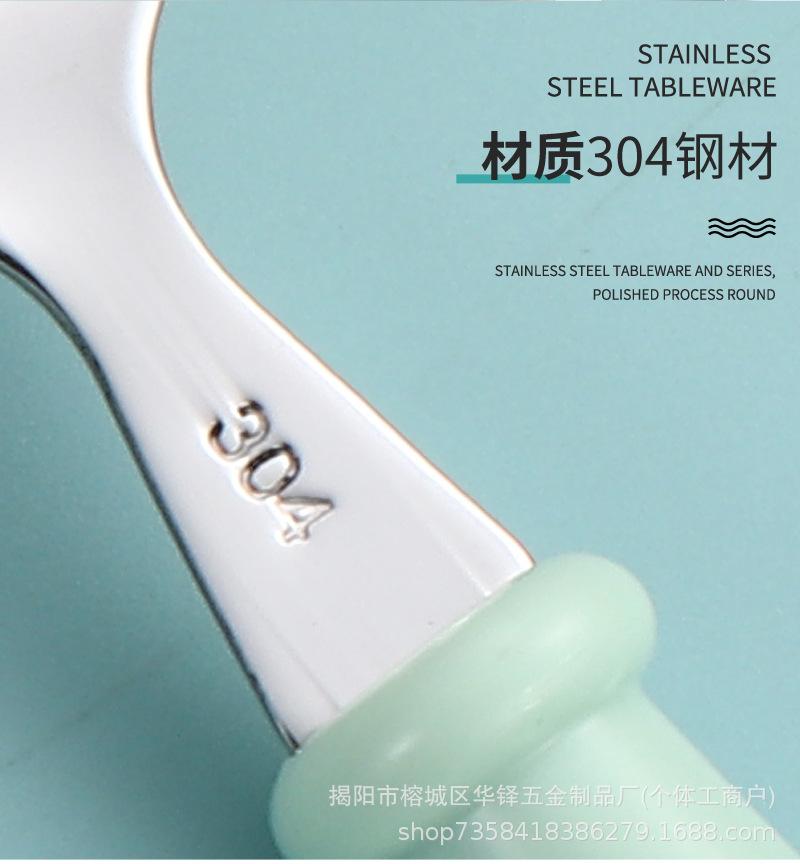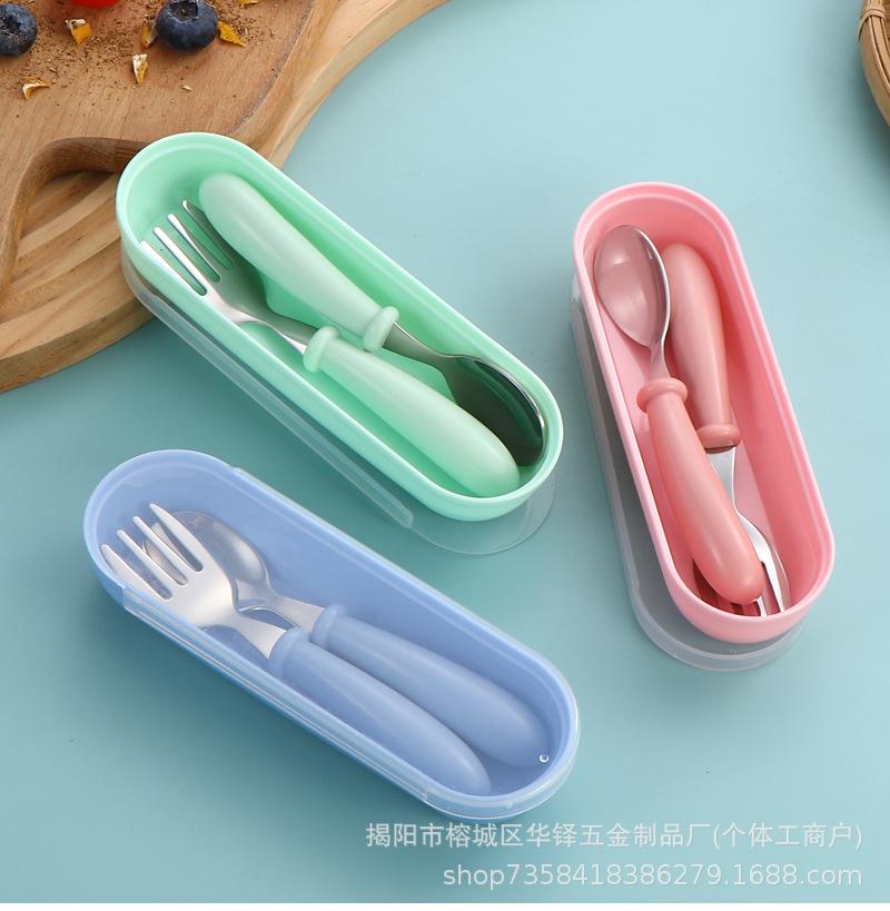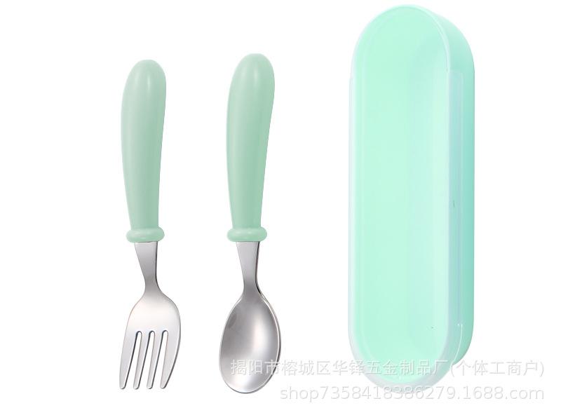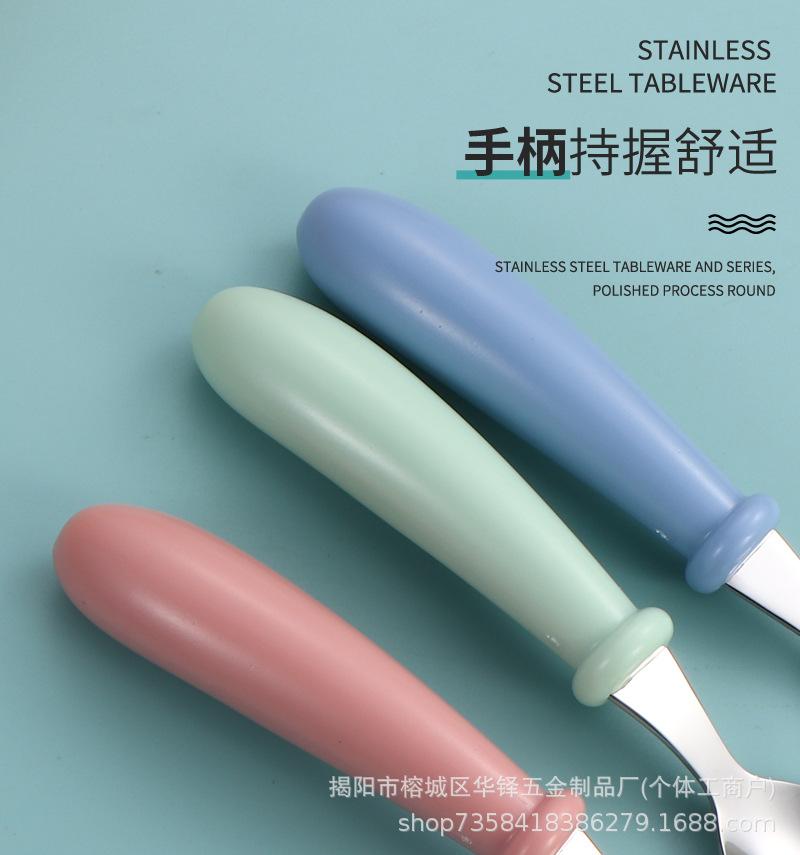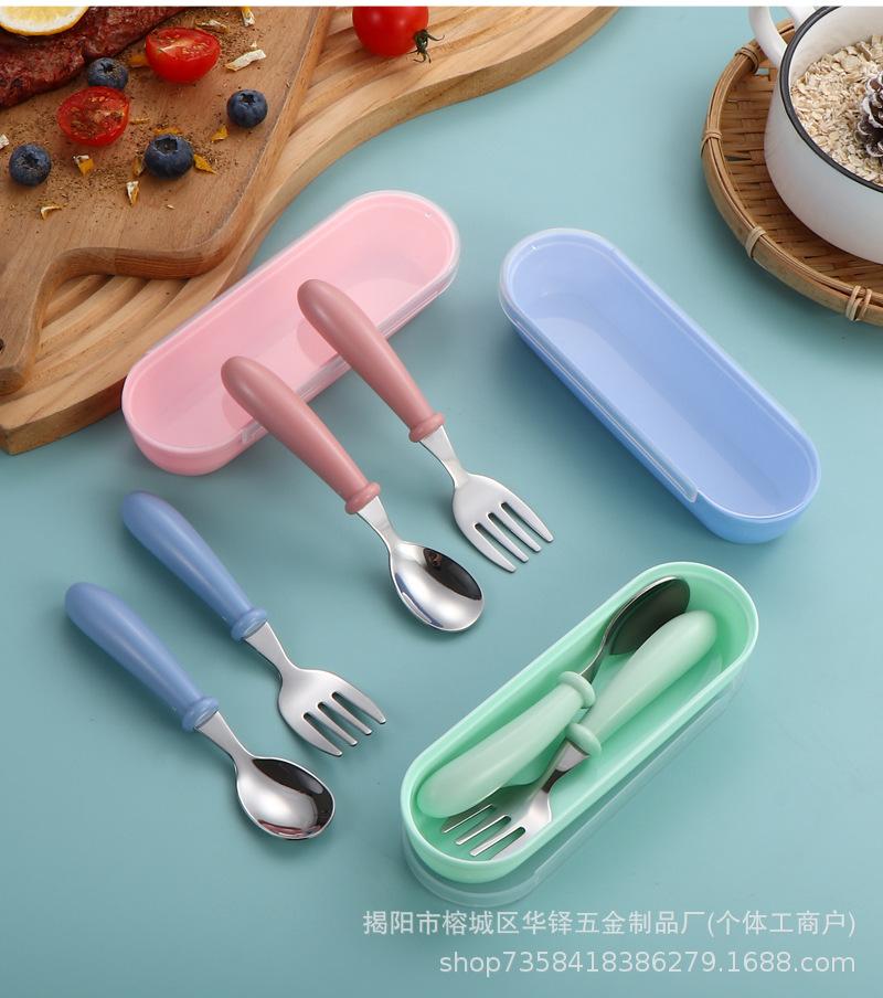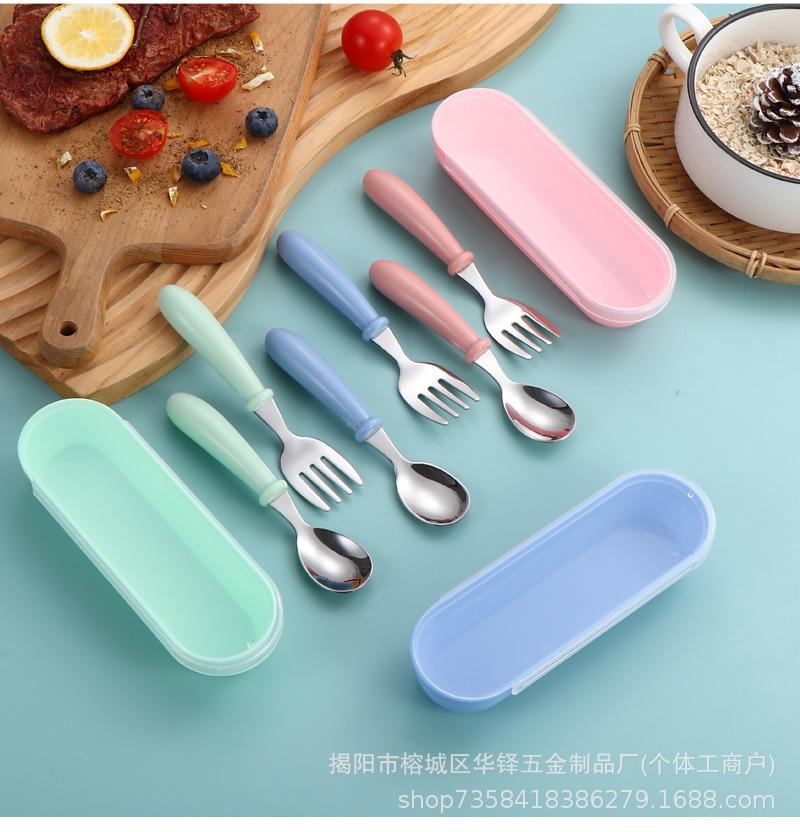 Tenedor y cuchara de acero inoxidable 304 para niños, cuchara de dibujos animados, tenedor, cuchara de aprendizaje y entrenamiento para bebés, vajilla portátil para el hogar.
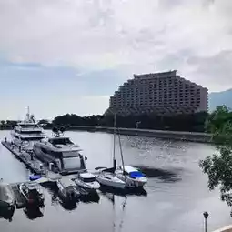 The overall building has a Mediterranean architectural flair, and most of the mall is a restaurant with multinational cuisine. There are also super and convenience stores, which is very convenient! The mall has a coastal view.
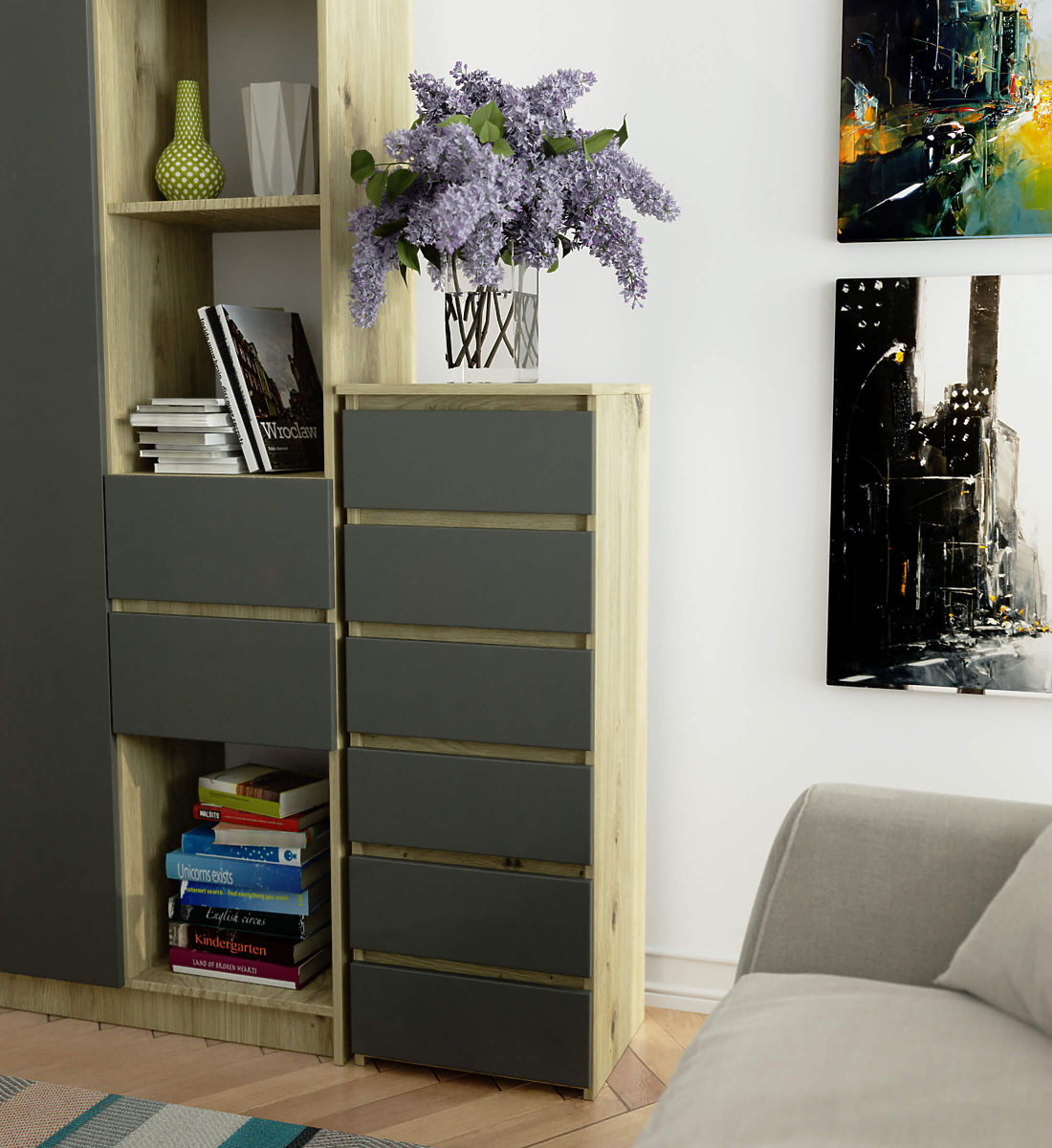 Commode CL6 avec 6 tiroirs en chêne artisan et gris graphite. .. plus

What is required
Repeat the data word for word, minus any pictures.

Response to this task
 Tenedor y cuchara de acero inoxidable 304 para niños, cuchara de dibujos animados, tenedor, cuchara de aprendizaje y entrenamiento para bebés, vajilla portátil para el hogar.
 The overall building has a Mediterranean architectural flair, and most of the mall is a restaurant with multinational cuisine. There are also super and convenience stores, which is very convenient! The mall has a coastal view.
 Commode CL6 avec 6 tiroirs en chêne artisan et gris graphite. .. plus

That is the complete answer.